▸ **Task description**: In the records below, find the line containing "Verhoogd bed in" and the line containing "This paper proposes". Give again exactly those lines and every line between them, omitting the pictures.

Dataset records

:::

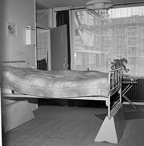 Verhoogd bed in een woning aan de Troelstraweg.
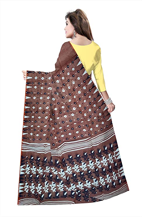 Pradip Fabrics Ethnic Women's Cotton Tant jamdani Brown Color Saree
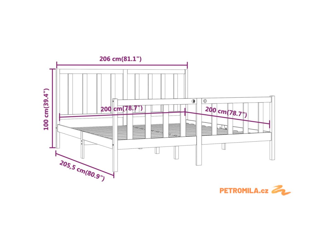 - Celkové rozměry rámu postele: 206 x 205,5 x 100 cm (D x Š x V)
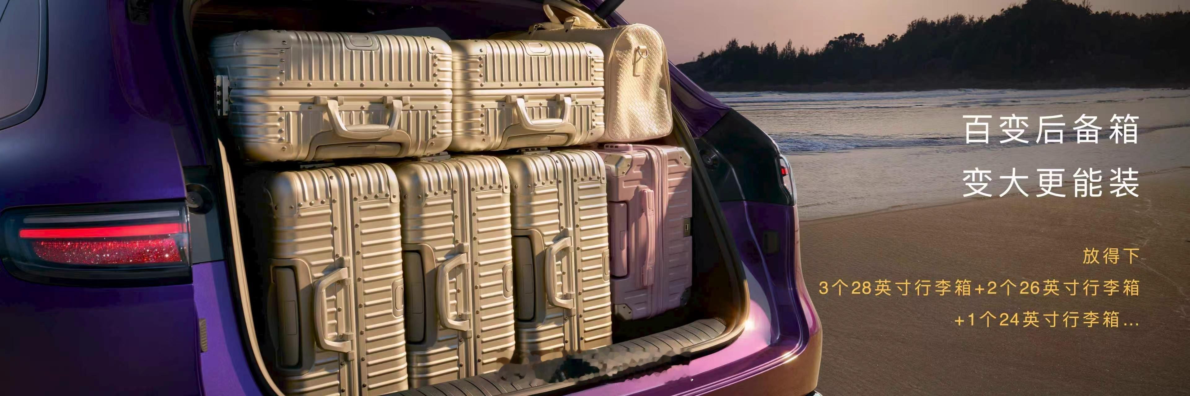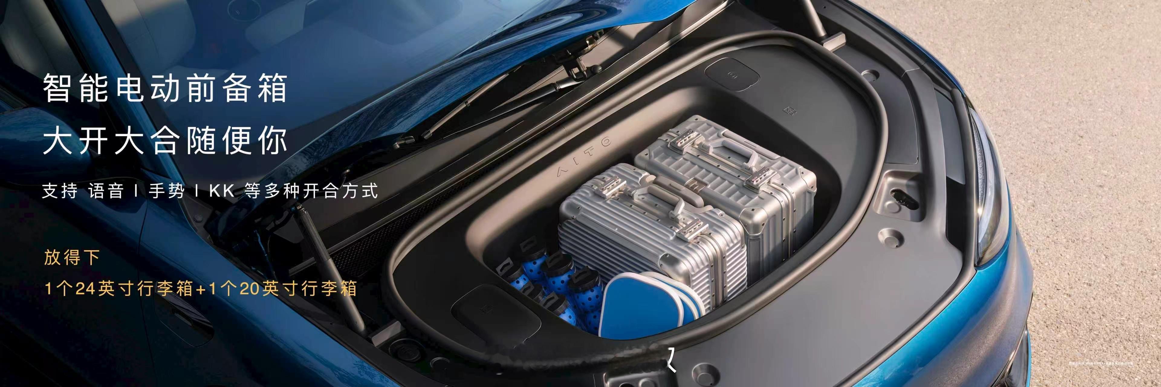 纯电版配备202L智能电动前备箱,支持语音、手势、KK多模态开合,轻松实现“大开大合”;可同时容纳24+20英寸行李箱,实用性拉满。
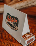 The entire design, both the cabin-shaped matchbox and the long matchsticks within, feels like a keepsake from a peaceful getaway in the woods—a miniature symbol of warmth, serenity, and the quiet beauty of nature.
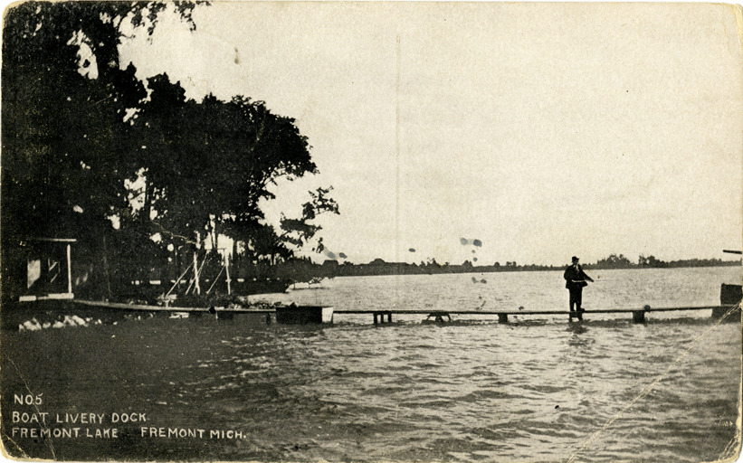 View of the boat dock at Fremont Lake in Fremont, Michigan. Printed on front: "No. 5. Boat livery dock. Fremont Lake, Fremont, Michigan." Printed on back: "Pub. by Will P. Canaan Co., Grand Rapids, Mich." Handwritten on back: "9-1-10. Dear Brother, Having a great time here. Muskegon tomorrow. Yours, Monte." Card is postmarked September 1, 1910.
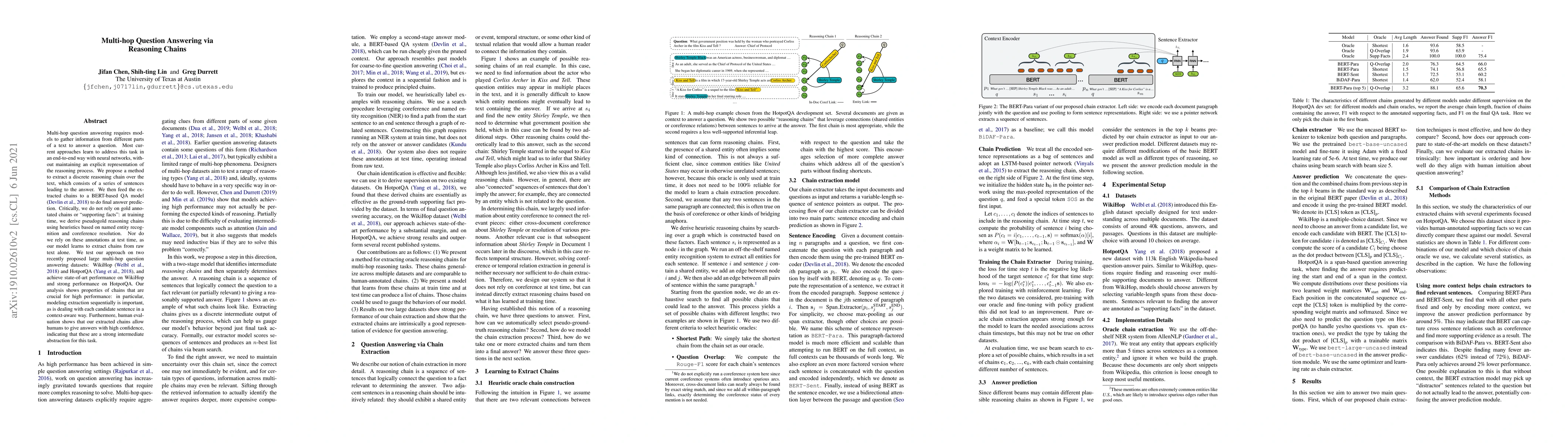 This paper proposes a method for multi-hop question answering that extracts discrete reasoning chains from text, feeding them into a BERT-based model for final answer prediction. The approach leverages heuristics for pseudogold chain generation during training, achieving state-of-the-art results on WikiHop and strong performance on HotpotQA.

:::

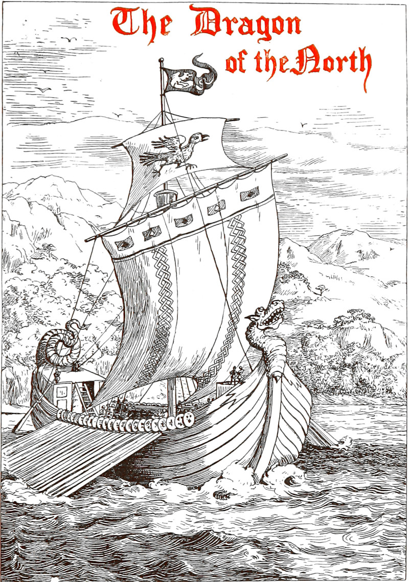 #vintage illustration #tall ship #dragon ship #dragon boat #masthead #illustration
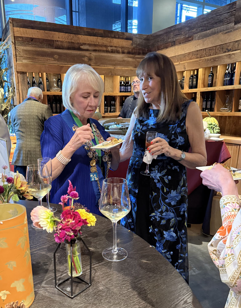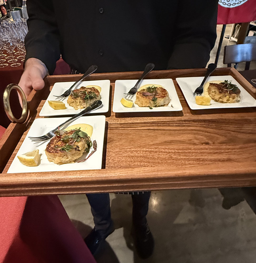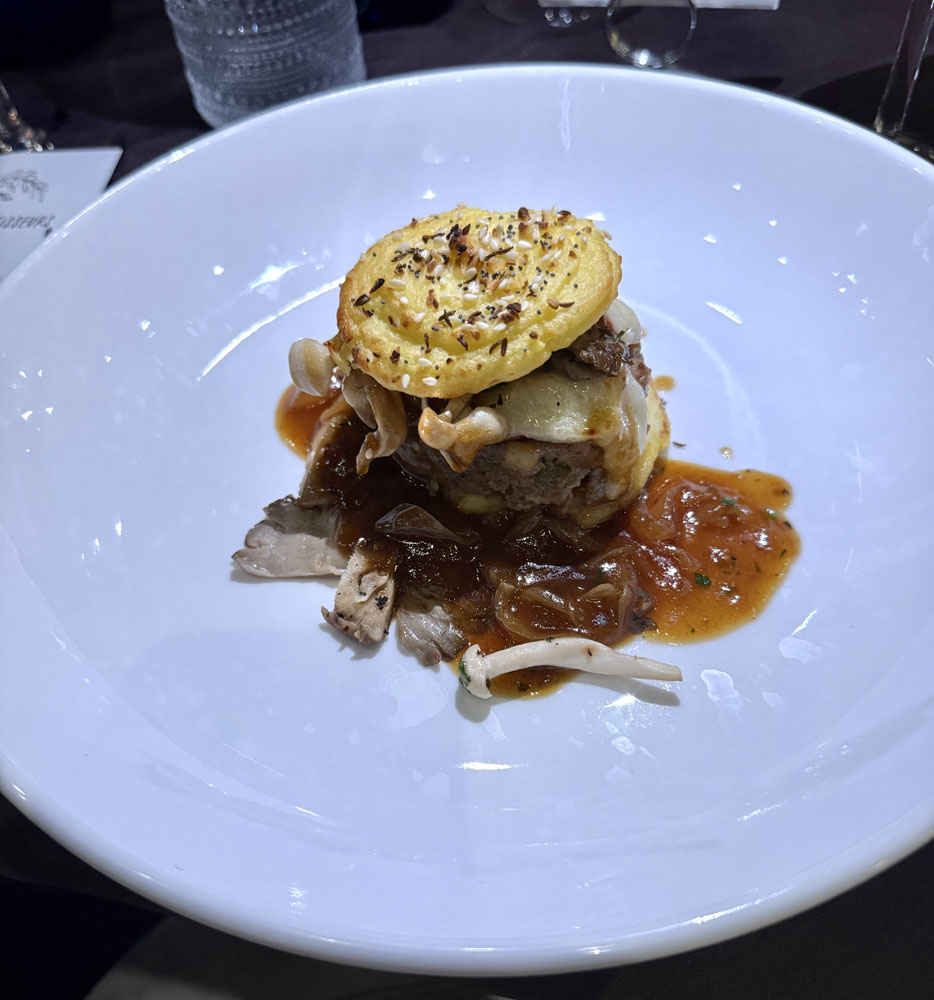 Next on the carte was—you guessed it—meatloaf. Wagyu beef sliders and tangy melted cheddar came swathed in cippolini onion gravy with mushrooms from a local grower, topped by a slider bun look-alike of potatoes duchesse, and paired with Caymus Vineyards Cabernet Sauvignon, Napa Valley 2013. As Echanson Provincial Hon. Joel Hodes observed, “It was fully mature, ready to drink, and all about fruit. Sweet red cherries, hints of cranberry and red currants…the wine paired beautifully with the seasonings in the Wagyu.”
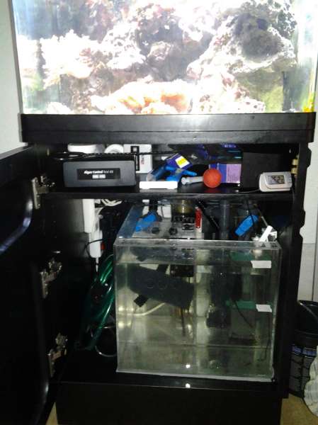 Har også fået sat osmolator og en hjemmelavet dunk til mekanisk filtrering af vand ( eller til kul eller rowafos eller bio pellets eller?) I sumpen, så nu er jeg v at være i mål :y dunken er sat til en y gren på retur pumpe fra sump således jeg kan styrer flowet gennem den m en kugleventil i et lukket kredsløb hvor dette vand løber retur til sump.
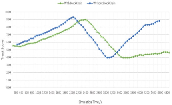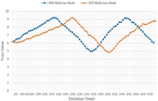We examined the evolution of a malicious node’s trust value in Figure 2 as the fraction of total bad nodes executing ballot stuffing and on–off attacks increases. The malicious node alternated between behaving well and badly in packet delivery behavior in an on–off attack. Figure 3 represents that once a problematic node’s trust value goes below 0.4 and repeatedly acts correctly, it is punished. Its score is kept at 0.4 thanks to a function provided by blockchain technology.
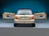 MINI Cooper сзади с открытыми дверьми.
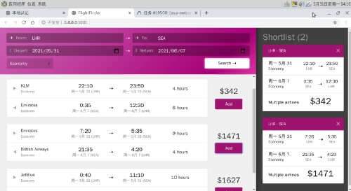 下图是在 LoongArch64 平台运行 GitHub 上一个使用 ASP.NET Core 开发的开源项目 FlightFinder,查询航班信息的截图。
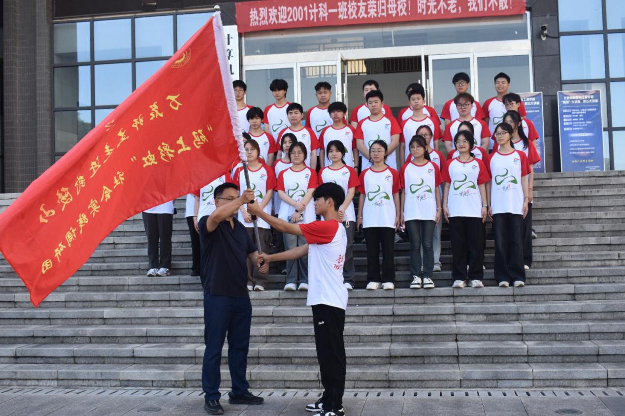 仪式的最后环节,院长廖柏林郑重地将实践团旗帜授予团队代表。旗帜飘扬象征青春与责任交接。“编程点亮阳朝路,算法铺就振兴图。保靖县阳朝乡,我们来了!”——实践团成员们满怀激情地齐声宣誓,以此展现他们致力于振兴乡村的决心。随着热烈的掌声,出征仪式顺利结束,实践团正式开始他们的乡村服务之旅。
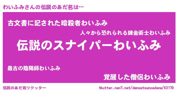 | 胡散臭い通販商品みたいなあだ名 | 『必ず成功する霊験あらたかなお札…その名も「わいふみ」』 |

:::

▸ **Result below**:
 Verhoogd bed in een woning aan de Troelstraweg.
 Pradip Fabrics Ethnic Women's Cotton Tant jamdani Brown Color Saree
 - Celkové rozměry rámu postele: 206 x 205,5 x 100 cm (D x Š x V)
 纯电版配备202L智能电动前备箱,支持语音、手势、KK多模态开合,轻松实现“大开大合”;可同时容纳24+20英寸行李箱,实用性拉满。
 The entire design, both the cabin-shaped matchbox and the long matchsticks within, feels like a keepsake from a peaceful getaway in the woods—a miniature symbol of warmth, serenity, and the quiet beauty of nature.
 View of the boat dock at Fremont Lake in Fremont, Michigan. Printed on front: "No. 5. Boat livery dock. Fremont Lake, Fremont, Michigan." Printed on back: "Pub. by Will P. Canaan Co., Grand Rapids, Mich." Handwritten on back: "9-1-10. Dear Brother, Having a great time here. Muskegon tomorrow. Yours, Monte." Card is postmarked September 1, 1910.
 This paper proposes a method for multi-hop question answering that extracts discrete reasoning chains from text, feeding them into a BERT-based model for final answer prediction. The approach leverages heuristics for pseudogold chain generation during training, achieving state-of-the-art results on WikiHop and strong performance on HotpotQA.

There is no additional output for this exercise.